Ensuing Loss Provision Does Not Expand Coverage
April, 2007
In a case of first impression in Indiana, the Indiana appellate court holds that third party negligence that set into motion the efficient proximate cause of the insured Library’s loss of a historic building was clearly and unambiguously excluded from coverage under defendant’s all-risk insurance policy. Hartford Casualty Ins. Co. v. Evansville Vanderburgh Public Library, 860 N.E.2d 636 (Ind. App. 2007).
Facts
The Evansville Vanderburgh Public Library (“Library”) had acquired a building listed on the National Registry of Historic Buildings intending to integrate the building into a new Central Library. An underground parking garage was to be built adjacent to the historic building. Excavation for the underground garage included installing an earthwork retention system, in part to protect the building during excavation.
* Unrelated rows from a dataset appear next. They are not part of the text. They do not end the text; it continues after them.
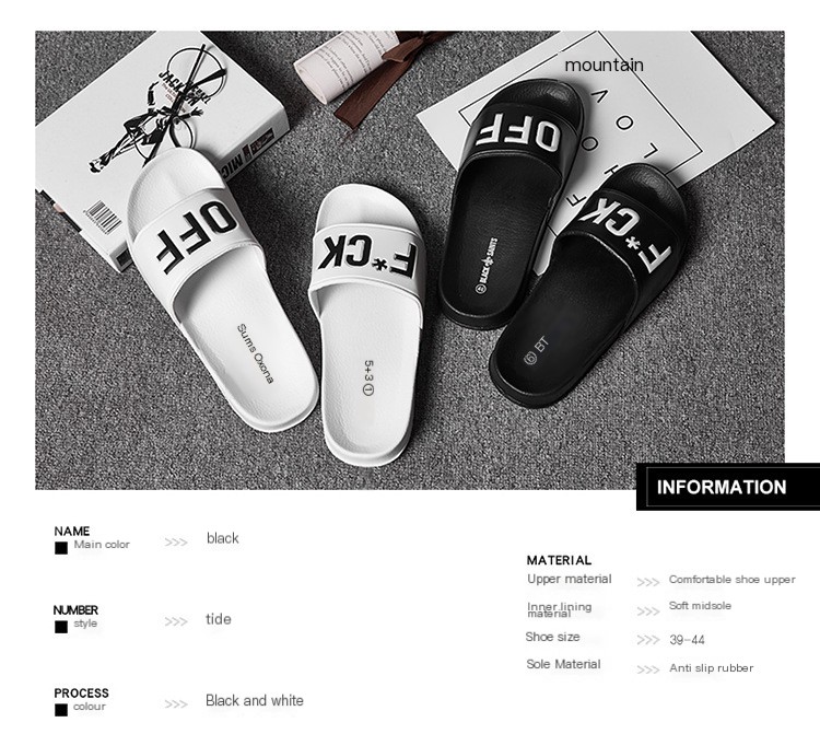 Men's Slide Sandals, Couples' Slippers, Black and White
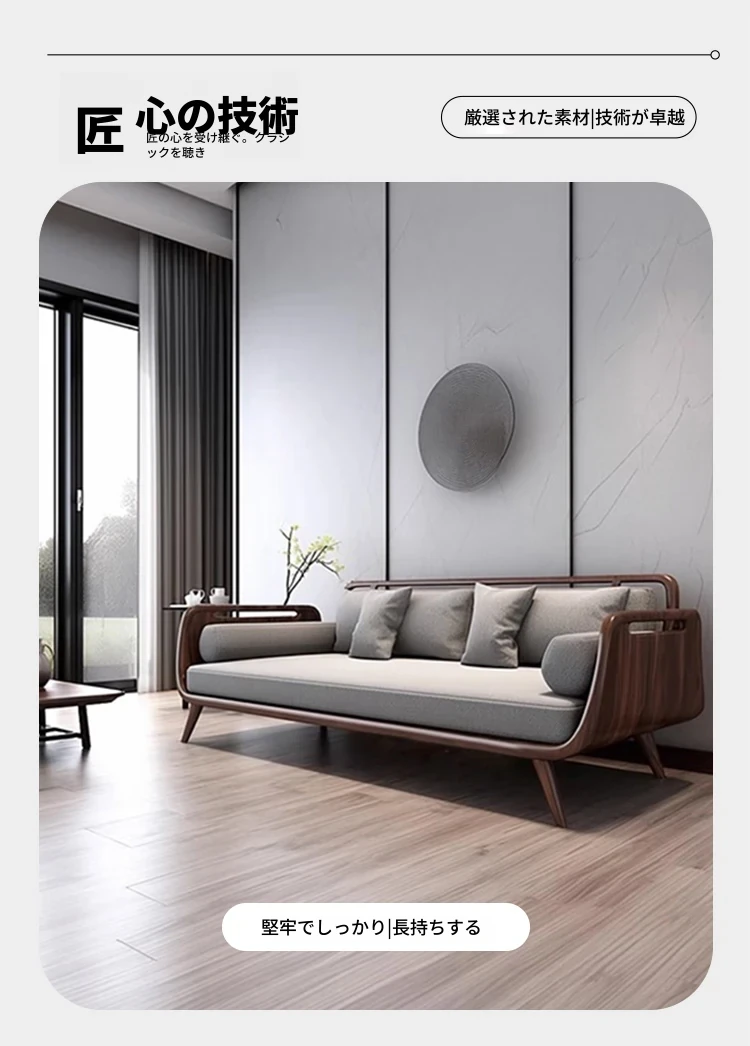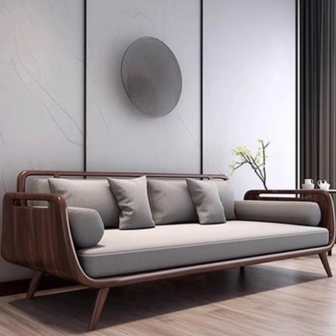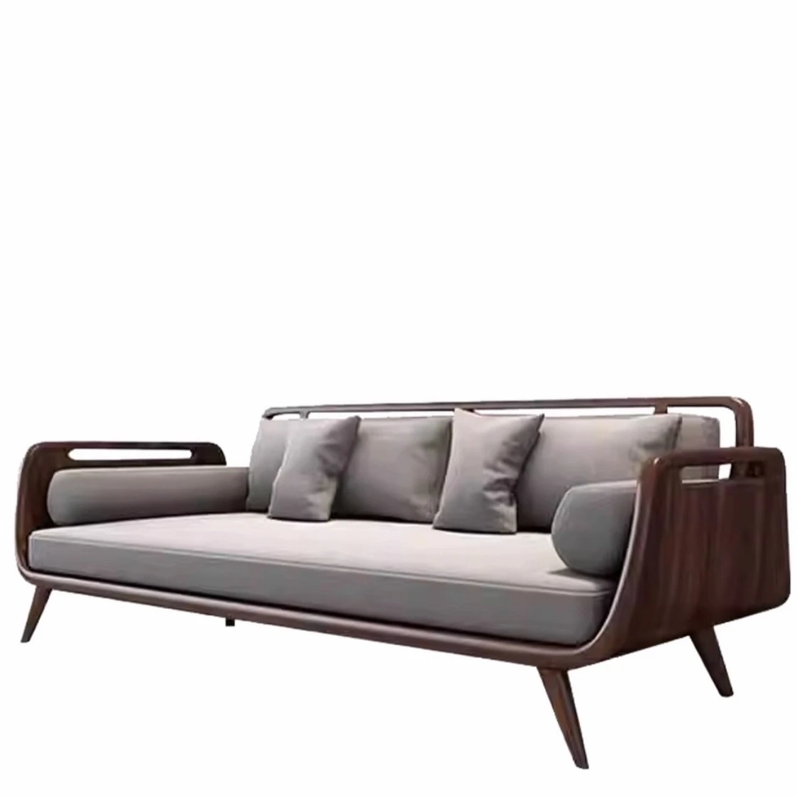 新しい中式ウォールナットソファ2025年モデル、軽やかなラグジュアリーとモダンなミニマルデザイン、上質なファブリックの羅漢ベッド付き。高級感あふれる実木ソファで、あなたのリビングに洗練された雰囲気をプラス!
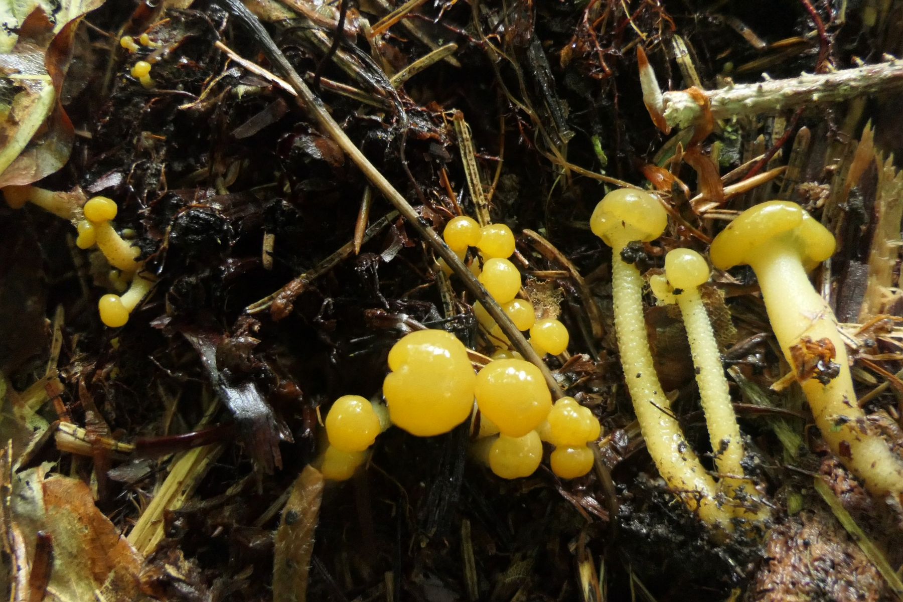 Bis zum letzten Tag haben sich die Elfenbeinröhrlinge Zeit gelassen, um nochmal richtig durchzustarten. Heute stand das Habitat voll mit Fruchtkörpern und mir machte eine Gruppe nochmals besondere Freude zum Abschluss:
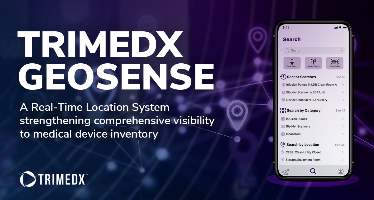Indianapolis, Indiana, April 09, 2024 (GLOBE NEWSWIRE) -- TRIMEDX―an industry-leading, independent clinical asset management company delivering clinical engineering services, clinical asset informatics, and medical device cybersecurity―announced the launch of GeoSense, a Real-Time Location System (RTLS) for health care. TRIMEDX GeoSense provides health systems with accurate and timely medical device tracking data by using next-generation, multi-modal technology that is lightweight, room-level precise, and easy to implement.
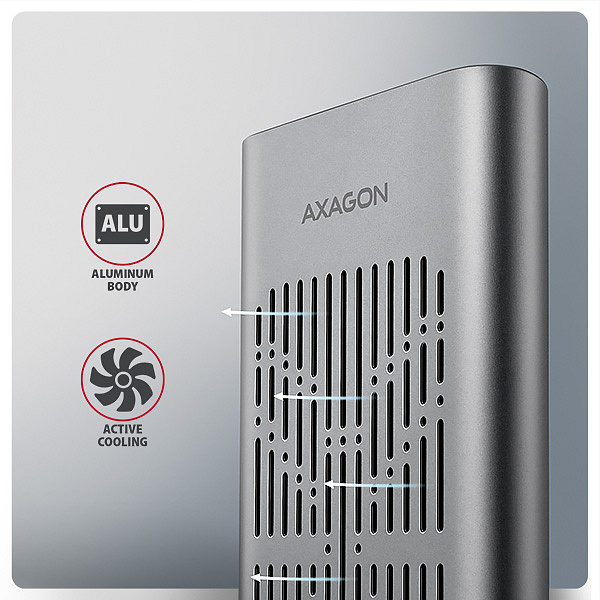 Hliníkové tělo boxu společně s teplovodivými podložkami odvádí teplo z vložených M.2 SSD disků. Chlazení podporuje i aktivní ventilátor, díky kterému nepřetržitě proudí vzduch uvnitř zařízení. Tím se udržuje optimální provozní teplota při dlouhodobé zátěži (například při klonování nebo přenosu velkých objemů dat). Riziko přehřívání a zpomalování disků vlivem tzv. „Thermal Throttling“ je tak minimální. To stabilizuje výkon a prodlouží životnost vašim SSD.
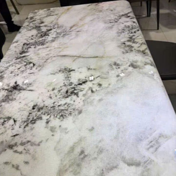 Mặt bàn đá với những đường vân tự nhiên độc đáo, bề mặt sáng bóng giúp tăng tính thẩm mỹ, đồng thời dễ lau chùi và giữ được vẻ đẹp bền lâu theo thời gian.
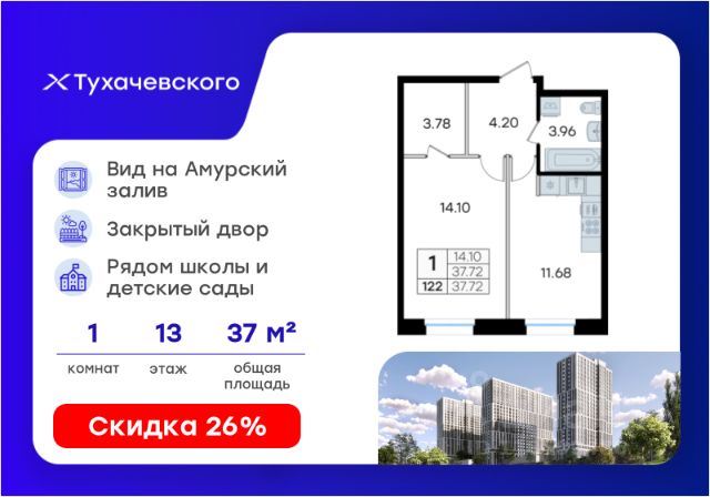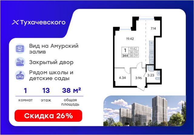 Продается квартира-студия на 13-м этаже в жилом комплексе Тухачевского от GloraX — современном проекте нового формата в престижном районе Владивостока. Общая площадь лота составляет 38,09 кв. м, из которых 19,42 кв. м отведено под жилую и 7,14 кв. м под кухонную зону. Номер квартиры - 344.
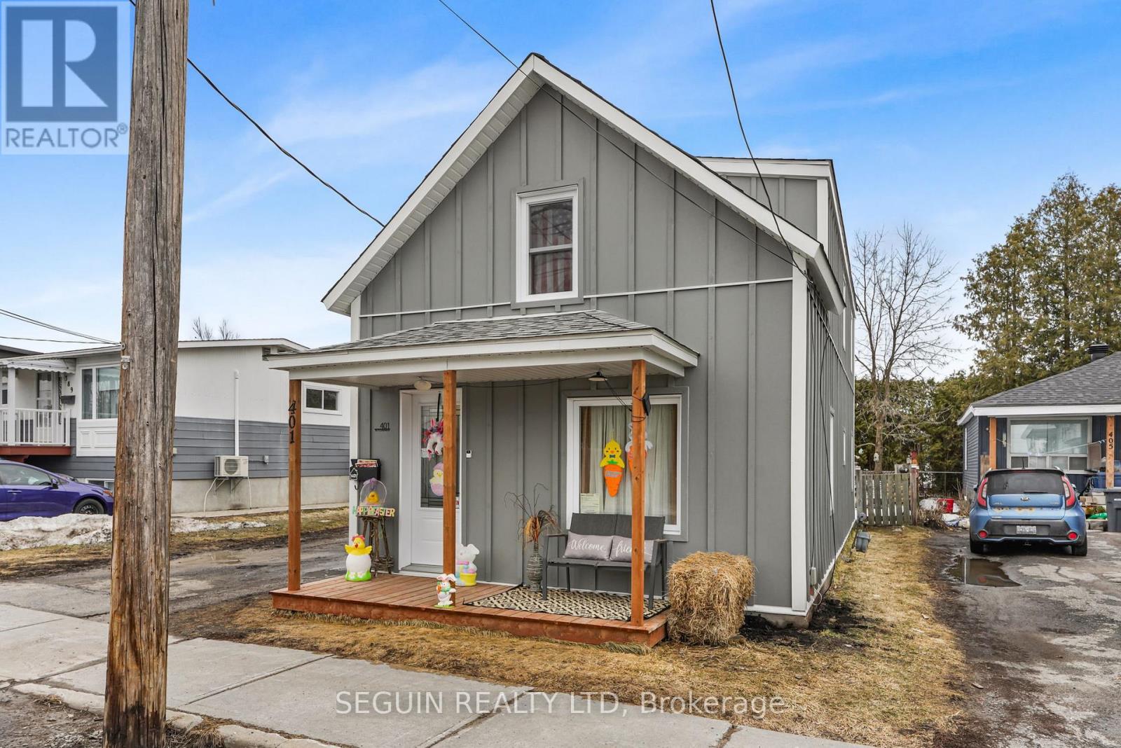 RENOVATED DUPLEX IN HAWKESBURY! Excellent opportunity for first-time home buyers looking to live in one unit while generating additional income to help cover property expenses, or for investors looking to expand their real estate portfolio. Ideally located close to schools, gyms, shopping, and other amenities in Hawkesbury.This property features two 1-bedroom units. Unit 401 Kitchener (lower level) was fully renovated in 2023 and is currently rented on a month-to-month basis at $865/month plus heat and hydro. Unit 399 Kitchener (upper level) is rented to a long-term tenant at $680/month, heat and hydro included. The property offers two separate hydro meters.Recent upgrades include all windows and doors (2023), decks (2023), roof updates, exterior cement board siding, hot water tanks, and more, making this a sure investment. (id:28469)
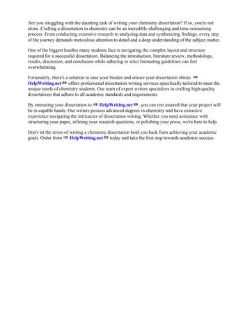 Don't let the stress of writing a chemistry dissertation hold you back from achieving your academic goals. Order from ⇒ HelpWriting.net⇔ today and take the first step towards academic success.
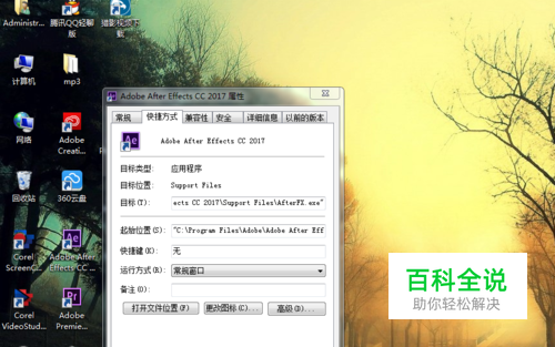 打开AE CC 的文件目录。选中AE图标右击选择“属性”,点击“快捷方式”选中“打开文件位置”

During installation of the retention system, the contractor utilized a high frequency, variable moment vibratory hammer to install sheet piling. During the process, the existing historic building was damaged and was ultimately declared a total loss. The Library’s own investigation concluded that the design and use of the pile driving hammer and cantilevered earth retention system caused or contributed to the damage.
The Hartford policy contained a General Exclusion excluding loss or damage caused by or resulting from “design, specifications, workmanship… construction, renovation…” and from “furnishing of work, materials, parts or equipment in connection with the design, specifications, workmanship… construction, renovation….” The policy also contained an “ensuing loss” clause stating that if physical loss or damage by a Covered Cause of Loss ensued, Hartford would pay only for such ensuing loss or damage.
Hartford argued that the General Exclusion precluded the loss from coverage. It asserted that the Library’s loss was the ultimate result of the contractor’s excavation work because the vibratory hammer used to install sheeting sent vibrations through the ground which caused sand in the soil beneath the building to compact.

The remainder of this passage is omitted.